Here are the most important precautions everyone, not just devoted cat people, should know about.
When the temperature gets closer to freezing, outdoor cats will look for cozy places to stay warm. They could end up in a bush or your open shed, but a lot of cats are also attracted to cars. Your car has a lot of nooks and crannies where a cat could climb in and get comfortable. It blocks the wind, keeps the cold out, and if you recently drove somewhere, heat from the engine can be too good to resist.
It’s always important to check the wheel wells and look under the hood before you get in the car and start your engine. You never know when your outdoor cat or a wandering stray might choose your vehicle for temporary cover. I found my cat, Taco, under the hood of my truck, and I can’t imagine what would have happened if I had started the engine before finding his hiding spot.
2. Use Antifreeze With Caution
Antifreeze is what you put in your radiator to help regulate the engine temperature. It’s also found in deicers and screen washes. It’s great for vehicle maintenance, but it’s a big risk when it comes to cats and other animals. Antifreeze is seriously poisonous, and it’s especially dangerous because cats are attracted to the taste.

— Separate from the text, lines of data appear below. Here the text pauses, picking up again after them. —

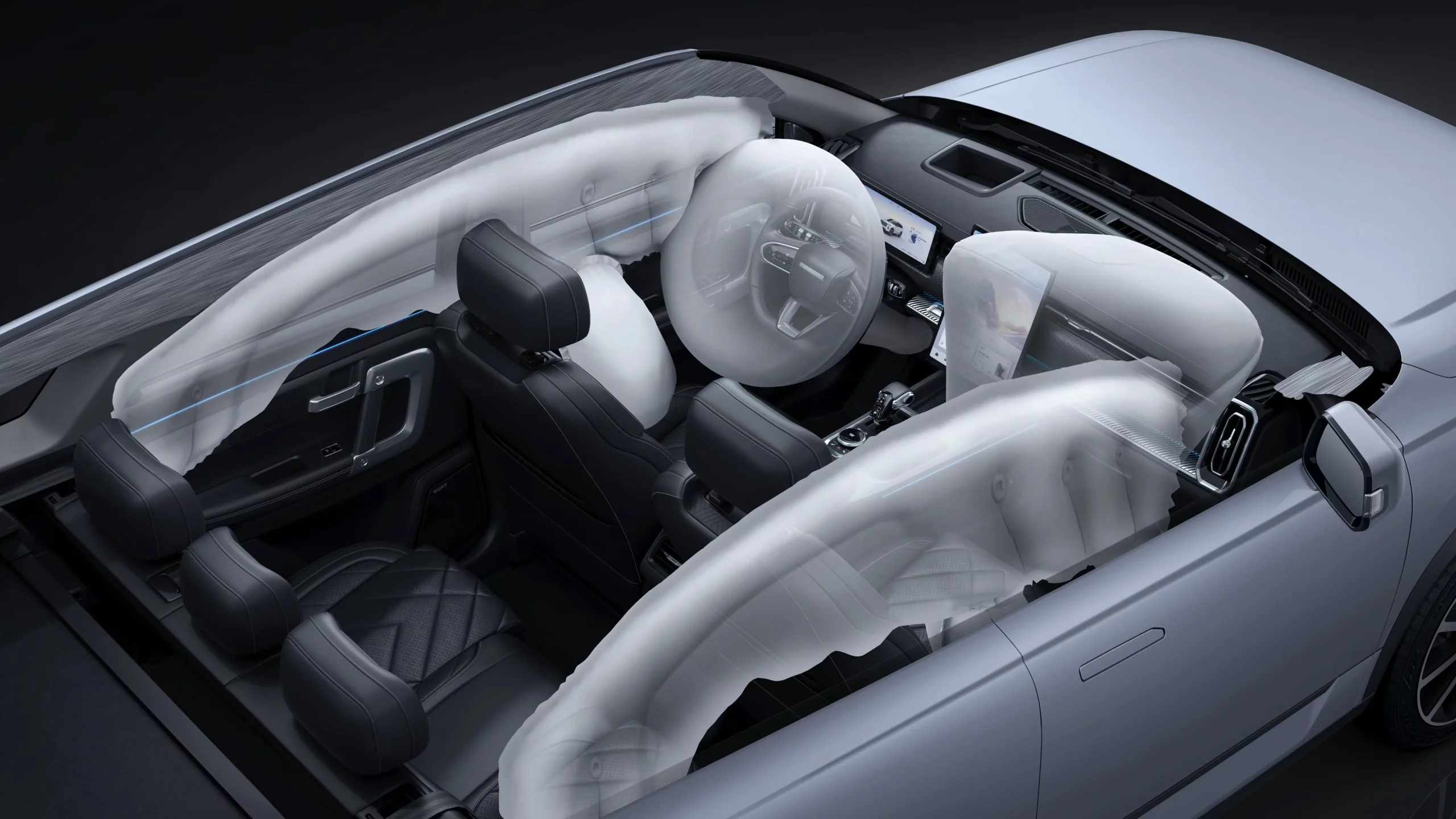 8 airbags, Driver Monitoring System, Tyre Pressure Monitoring, Hill Assist, and a full suite of ADAS — including AEB, ACC, Blind Spot Detection, Lane Keeping, and Traffic Jam Assist.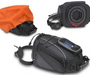 Due borse da serbatoio, differenti nelle dimensioni ma entrambe dotate dell’innovativo sistema di fissaggio Tanklock, brevettato da GIVI, con flangia “dedicata” da fissare al tappo carburante che si accoppia con un click al fondo della borsa (l’elenco delle moto compatibili sul sito www.kappamoto.com). La borsa TK765, perfetta per le sportive, è un compatto contenitore estensibile (fino a 10 litri), con due tasche esterne + vano porta smartphone/navigatore; la tracolla la trasforma in borsello. La TK763 è più capiente e meglio si adatta ad un utilizzo turistico. Prezzi al pubblico: TK765 – 68,50 euro , TK763 – 85 euro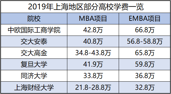 以上海交大安泰管理学院为例,交大安泰2019年的MBA项目学费为40.8万,而同年的EMBA项目学费为56.8万。还有相当比例的外地EMBA学员,不得不在周末飞来飞去,交通费也是一笔不小的开支,更别谈去国外企业实地考察的费用。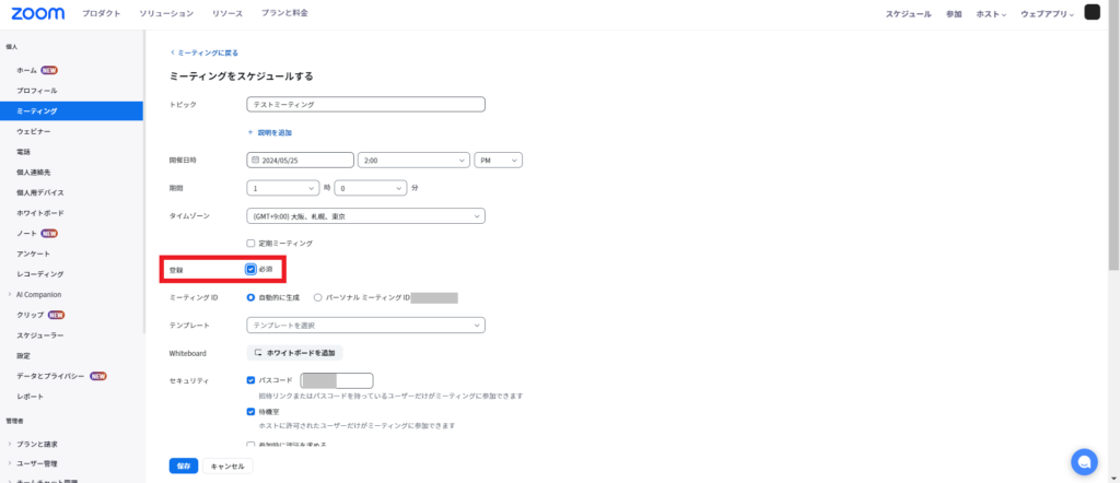 – 「ミーティング」タブをクリックし、「スケジュールミーティング」セクションで「登録(必須)」のオプションが有効になっているか確認します。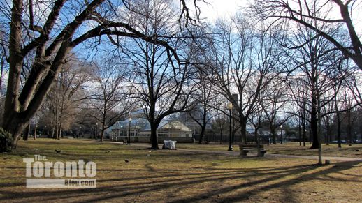 February 5 2012: Another view toward the proposed condo tower site, this time from the south-central section of park along Gerrard Street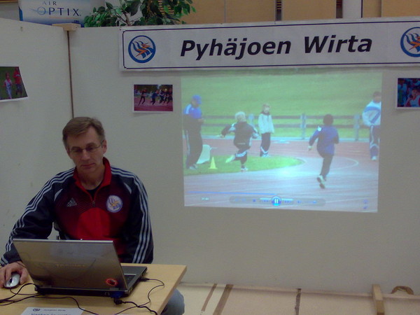 Pyhäjoen Wirta osallistui viime lauantaina Pyhäjoen lukiolaisten järjestämille syysmessuille. Osastolla vieraili paljon väkeä. Wirta mukana SyysmessuillaPyhäjoen Wirta osallistui viime lauantaina lukiolaisten järjestämille perinteisille Syysmessuille. Messuilla vieraili päivän aikana runsaasti väkeä, ja näin ollen myös Wirran osastolla. Kiinnostusta herätti erityisesti kuluvan vuoden aikana eri kisojen still-kuvista tehty videokooste, jota pyöritettiin loossin seinälle heijastettuna. Aku Salmela voitti Wirran tuulipuvunWirran messuosastolla oli myös arvaus/tietokilpailu. Siinä kysyttiin, montako mitalia Wirta saalisti kuluvan vuoden aikana yleisurheilun piirinmestaruuskilpailuissa. Oikean vastauksen - 28 mitalia - tiesi Aku Salmela ja sai samalla arvonnan pääpalkinnon, Wirran tuulipuvun. Kerrottakoon tässä sivumennen, että reiluna nuorena miehenä Aku aikoi luovuttaa palkinnon isälleen Mikko Salmelalle. |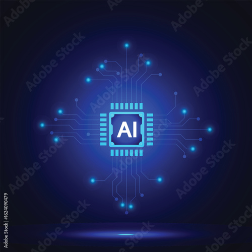 Glowing AI Processor Chip with Futuristic Circuit Design Background

If you spill some on the driveway, if your vehicle leaks, or if you leave the container out in the open, there’s a good chance your cat will find it. Ingesting even a small amount of antifreeze could be deadly for a cat. It’s important to treat the risk seriously, and immediately take the cat to the vet if they start vomiting, having seizures, act uncoordinated, or seem lethargic.

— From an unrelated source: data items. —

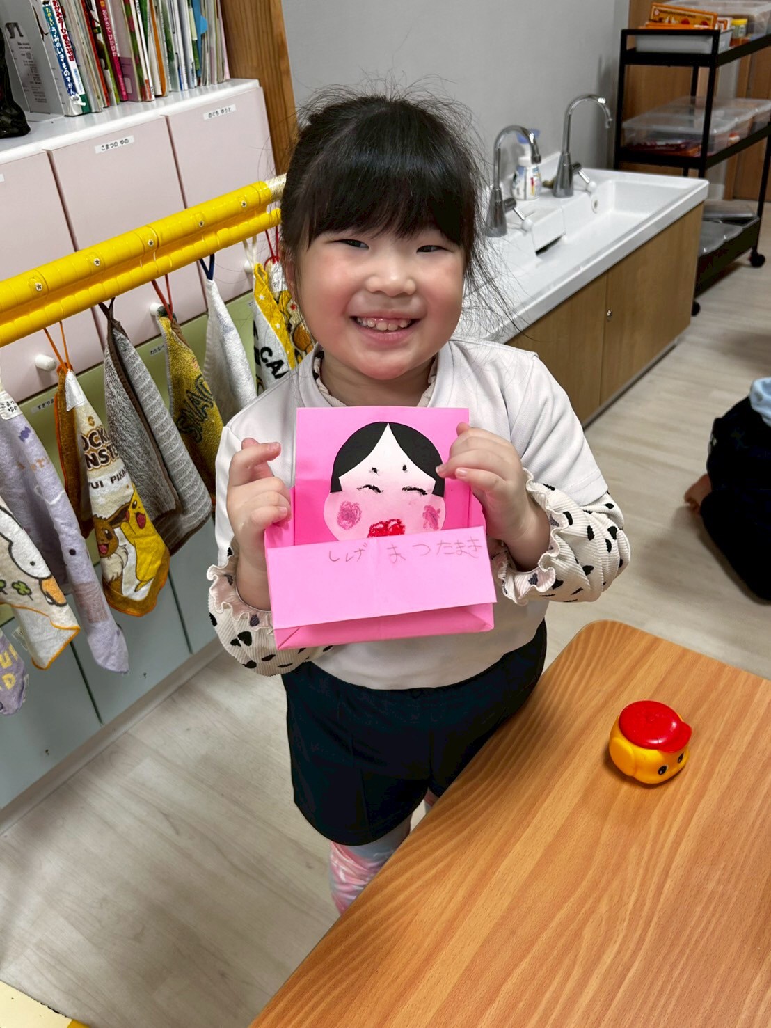 製作では前回の豆入れに福の神を貼り付けました❣️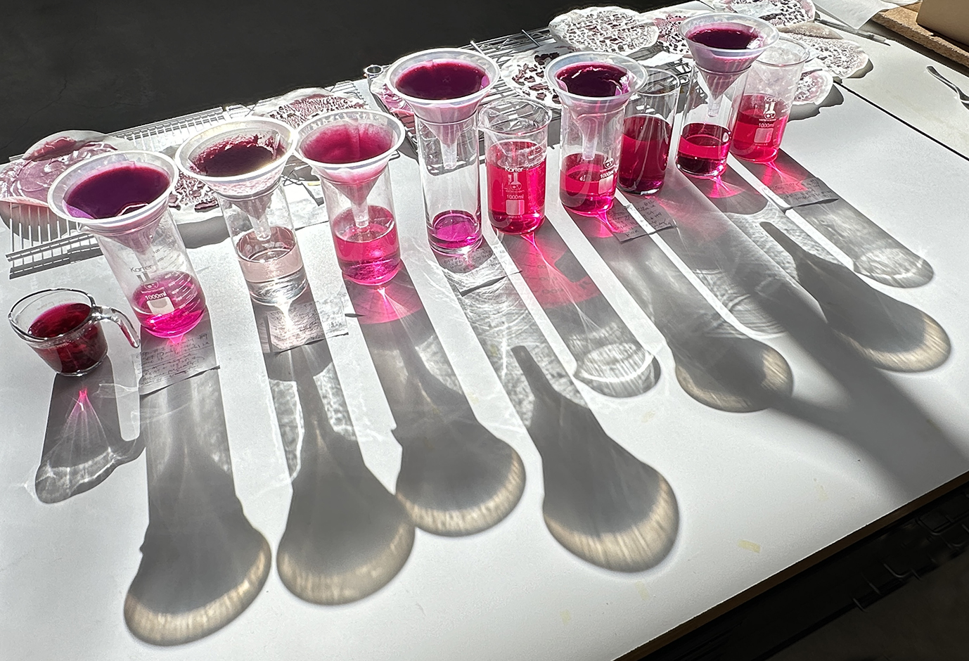 Additionally, two aesthetic and socially engaged research directions draw attention to potential cultural contributions. Food technologists are studying the nutrition of “betalain” pigments from Nopal fruits which inherently carry deep purple/blue color named BeetBlue. Working with plant biotechnologist Carlos Rodríguez López we are exploring the extraction and stabilization of Nopal pigments as an art material.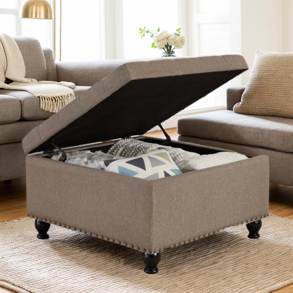 Large Square Storage Ottoman with Wood Legs, Storage Ottoman Footrest and Seat Cube, Upholstered Button Tufted Coffee Table with Nail Trims for Living Room, Entryway, or Bedroom, Linen

3. Provide Cozy Outdoor Shelter
When the temperature drops, your cat’s fur isn’t always enough to keep them warm. It’s always best to allow outside cats access to the indoors when the weather gets especially cold, but it’s also a good idea to provide an outdoor shelter.

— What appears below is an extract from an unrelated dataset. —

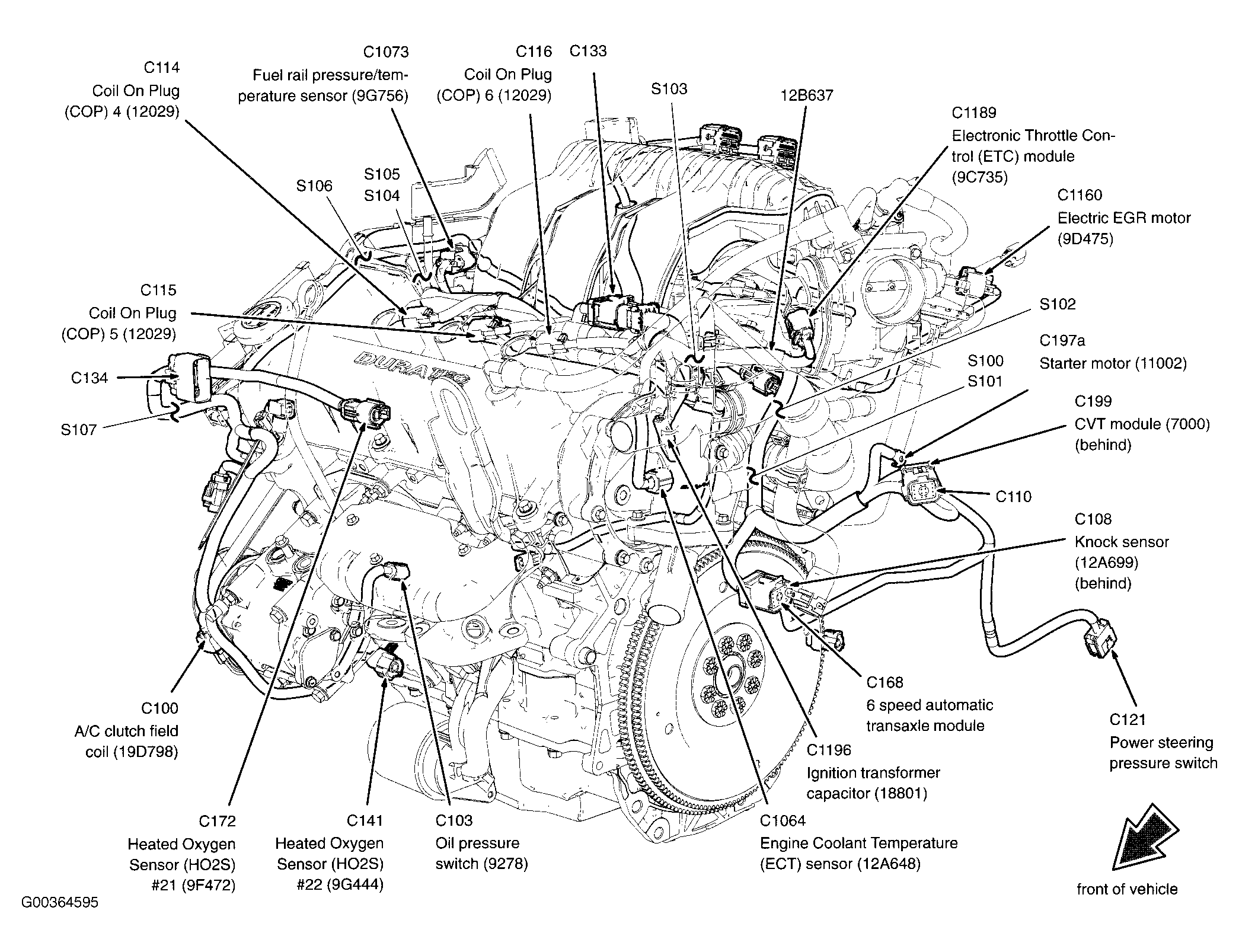 Powertrain Control Module (PCM) Right rear of engine compartment. See Figure.

You can buy a specially-made and insulated cat shelter, or you can make your own. Add straw or something else to keep your kitty warm. These shelters are also great if you live near a feral colony or know there are strays in your area.
Ice, salt, snow, and dry winter air can all wreak havoc on your cat’s paws. Even if they’re only outside for part of the day, it’s important to check your cat’s paws when they come back inside. Rock salt and other types of deicer can get stuck between the paw pads, and your cat could ingest those chemicals while grooming. Ice and snow can also clump up in the fur and become painful.
Winter paw care should only take a few minutes if you’re consistent. All you have to do is wipe off and inspect your cat’s paws when you let them in. Make sure they’re not overly dry or showing signs of frostbite.
5. Fight Back Against Boredom
A lot of people choose to keep their indoor/outdoor cats inside during the coldest months of the year. This protects them from most of those winter-related dangers. It’s a good strategy to keep them safe, but it can also lead to boredom. If your cat is used to exploring outside, they might not appreciate being cooped up inside.
Thankfully, boredom isn’t a hard problem to solve. Keep your cat active and engaged by providing plenty of interesting toys and games. Some cats are content to play by themselves, but you should also take time to interact and play together. By keeping your cat active and entertained, you can prevent the winter blues and maintain their mental health.